Like any ordinary kitchen on the morning fruit cakes are going to be baked, the cook was running around looking for the nutmeg, asking no one in particular where it was.
But in this case the seeker was White House pastry chef Heinz Bender and eventually he had to run upstairs to the kitchen in the family quarters to get his nutmeg.
Bender, who has been making fruit cakes at the White House for almost 10 years, got a late start this year. He wasn't even certain he would be making them because he didn't get the go-ahead until late October, several weeks after he usually has the project well underway.
There was some concern that the cakes would be banished because the Carters do not serve liquor in the White House, and Bender's recipe is laced with rum, bourbon and sherry. But even Mrs. Carter's mother, Miss Allie, who never had a drop of alcohol in her house, always borrowed just enough whiskey to season her annual Christmas Lane Cake.
As much as people would like the White House recipe to have been handed down from Bender's grandmother, the chef says she never baked fruit cakes. He began making this recipe during World War II when he was chef at New York's Hotel Lexington. The hotel sent a fruit cake to each of its former employees in the military. In those days the German-born Bender made only 30 cakes per season. During the Nixon years he made as many as 180 for the White House holiday parties. This year he has prepared 75 fruit cakes.
Bender says the cakes slice better if aged in the refrigerator and, if kept cold, will last a year. Ideally, they should age for two months. But a month will do nicely.
The recipe has been adapted and the amount translated from ounces and pounds to cups and teaspoons. This accounts for several instances where the word heaping accompanies a given quantity. WHITE HOUSE FRUIT CAKE (Makes six 2 pound cakes) 1 3/4 pounds raisins 1 1/4 pounds golden raisins 1 pound currants 2 pounds mixed glaceed fruit 1/2 pound chopped pecans 1/2 pound slivered blanched almonds 1/4 pound glaceed pineapple, diced 1 cup dry sherry 5 ounces dark rum 3/4 cup firmly packed brown sugar 1/2 cup granulated sugar 1 pound plus 4 tablespoons butter 3/4 cup (heaping) all-purpose flour 1/4 cup honey 3/4 teaspoon (heaping) salt 1/4 teaspoon (heaping) lemon extract 1/4 teaspoon (heaping) almond extract 1/2 teaspoon vanilla 1/4 teaspoon (heaping) nutmeg 1/4 teaspoon (heaping) cinnamon 10 eggs 2 cups all-purpose flour 1 3/4 cups cake flour 1/2 teaspoon baking powder Glaze (see recipe)

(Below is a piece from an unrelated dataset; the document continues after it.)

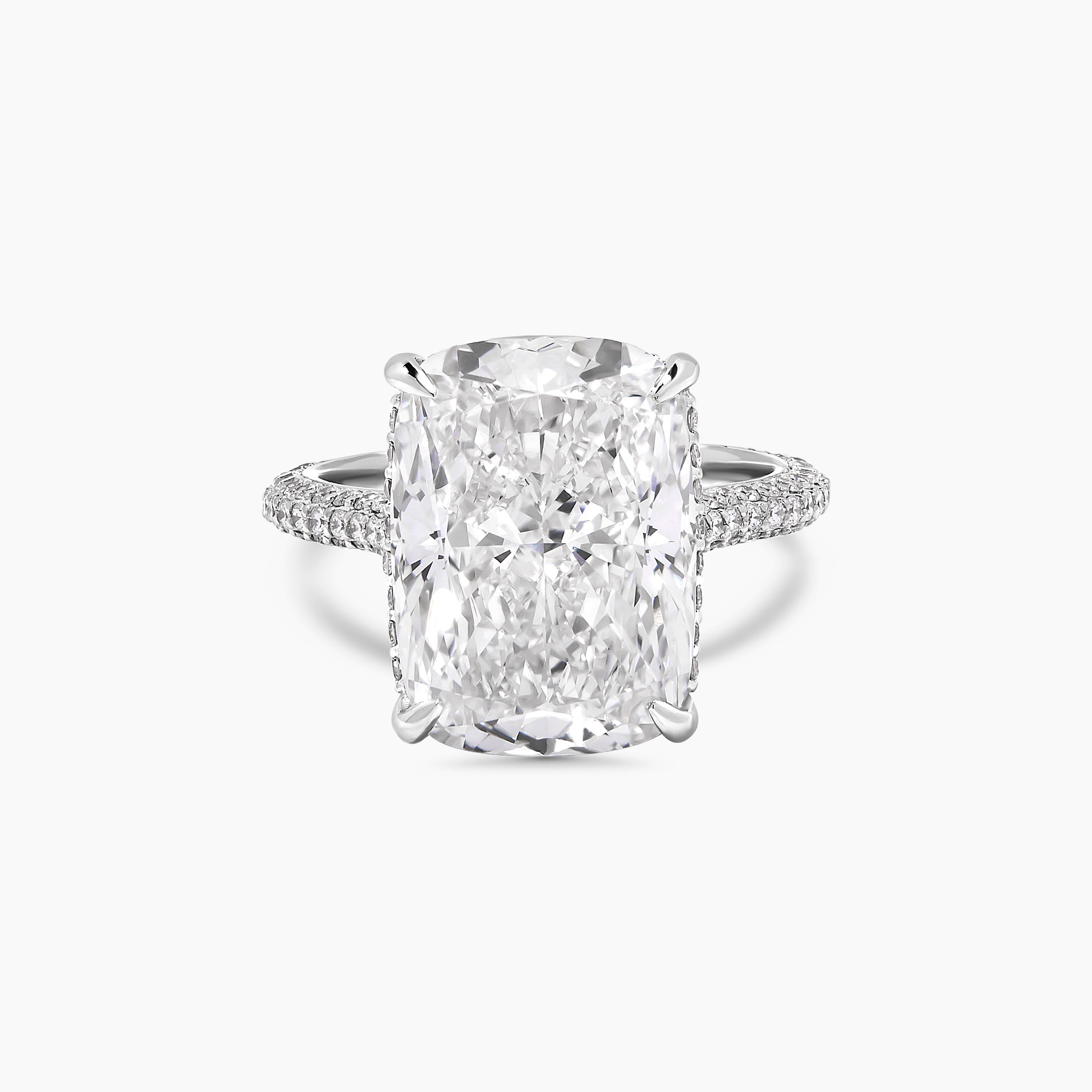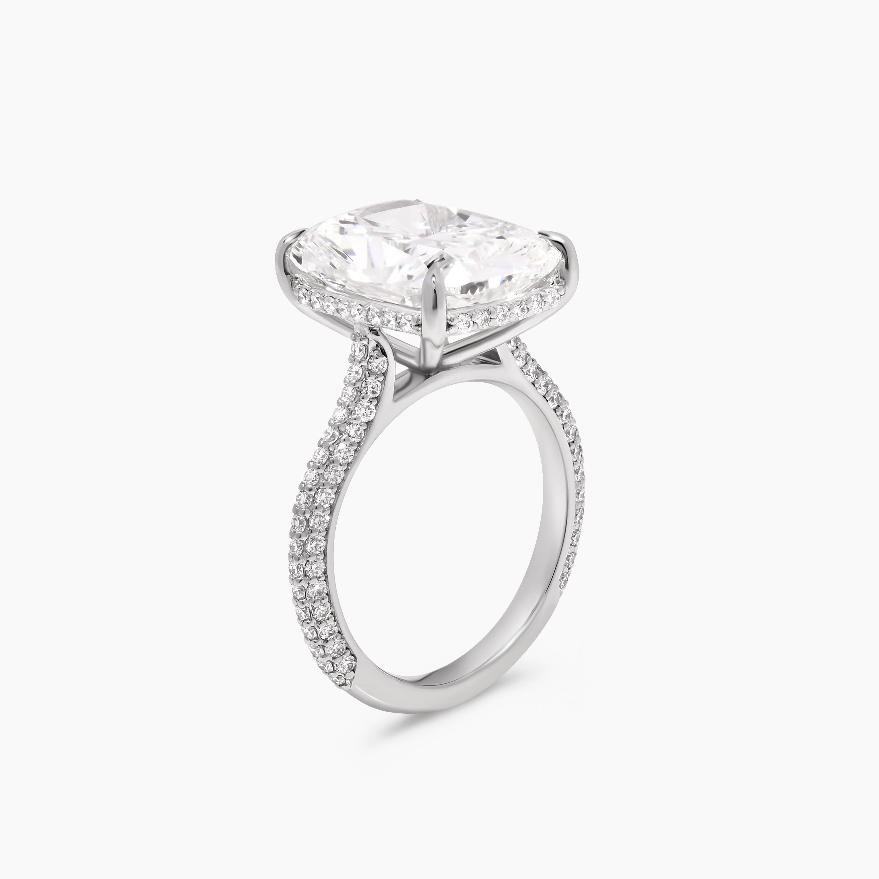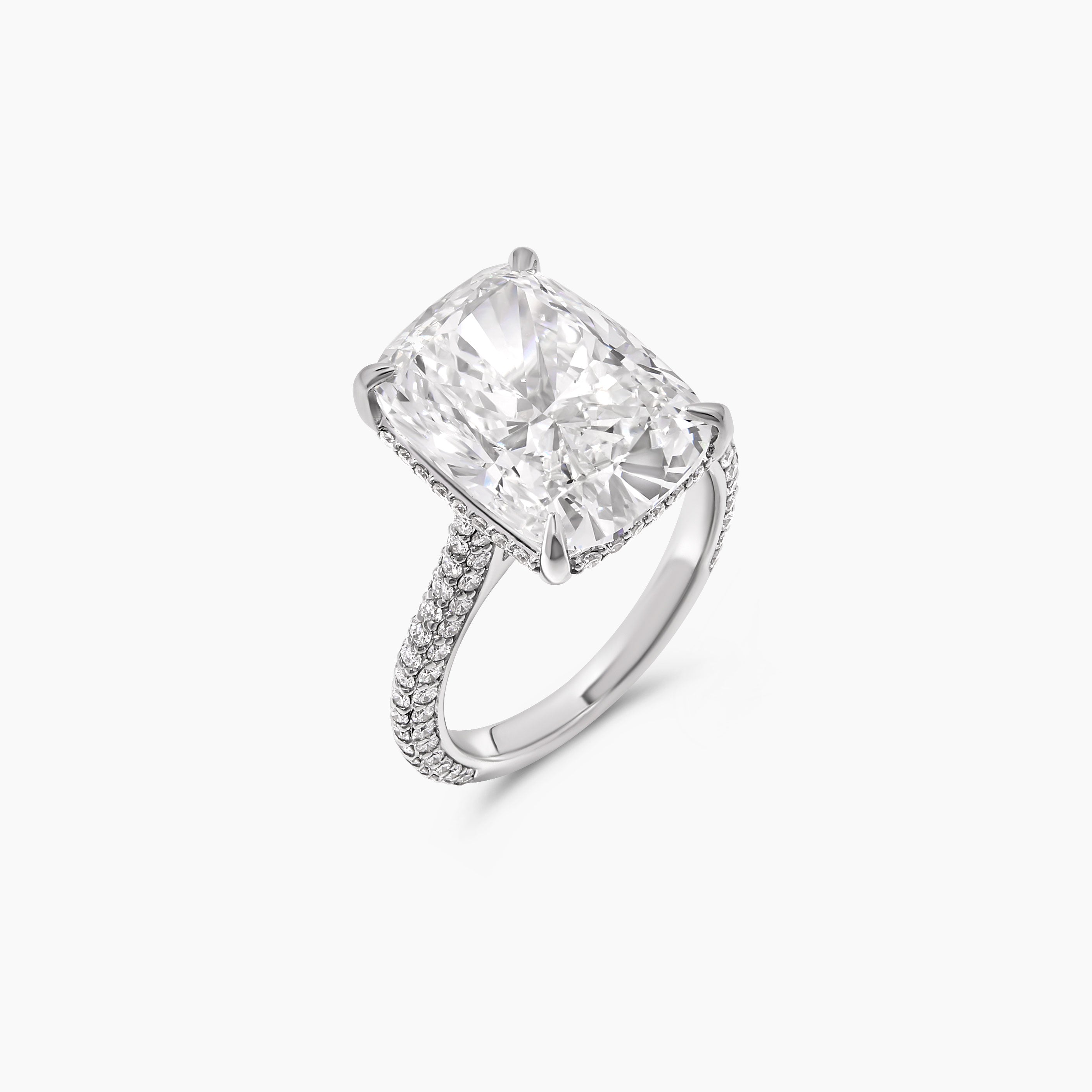 Platinum Elongated Cushion Engagement Ring with 3 Row Diamond Band

Mix together all the fruits and nuts with sherry and 5 ounces of rum. Cover and refrigerate for two days, or at least overnight, stirring occasionally. Beat together thoroughly the sugars, butter, 3/4 cup all purpose flour, honey, salt and seasonings. Add the eggs, a few at a time and beat until thoroughly blended. Add the remaining dry ingredients and continue beating until thoroughly blended. Combine batter with fruit and nut mixture. Use your hands, if necessary, to mix well.
Prepare 9-by-5-by-3-inch bread pans, or whatever baking containers, such as coffee cans or tube pans, that will hold 2 pounds of batter. Grease the pan and line bottoms and sides with brown baking paper or aluminum foil. Spoon in batter and smooth out in pans. Bake cakes at 350 degrees for one hour or until tester inserted in center of cake comes out clean. If tops of cakes begin to burn, cover lightly with foil.
Cool cakes in pans on racks about 15 minutes or until cakes are cool enough to handle. Remove from pans and remove paper. Cool completely. Then store in tightly covered containers in the refrigerator. Before refrigerating, brush tops with bourbon glaze.
GLAZE: Combine 6 ounces bourbon with 3 ounces rum and 2 ounces simple syrup made by cooking equal parts of sugar and water until mixture boils and sugar is dissolved.
Reserve remaining glaze and use to bursh fruit cakers again about a week before using. The cakes can be brushed with the glaze as often as you like or they can be wrapped in a cheesecloth which has been soaked in the glaze, the cheesecloth remoistened as it dries out.
*Currants are particularly difficult to find this year. Substitute an equal amount of raisins.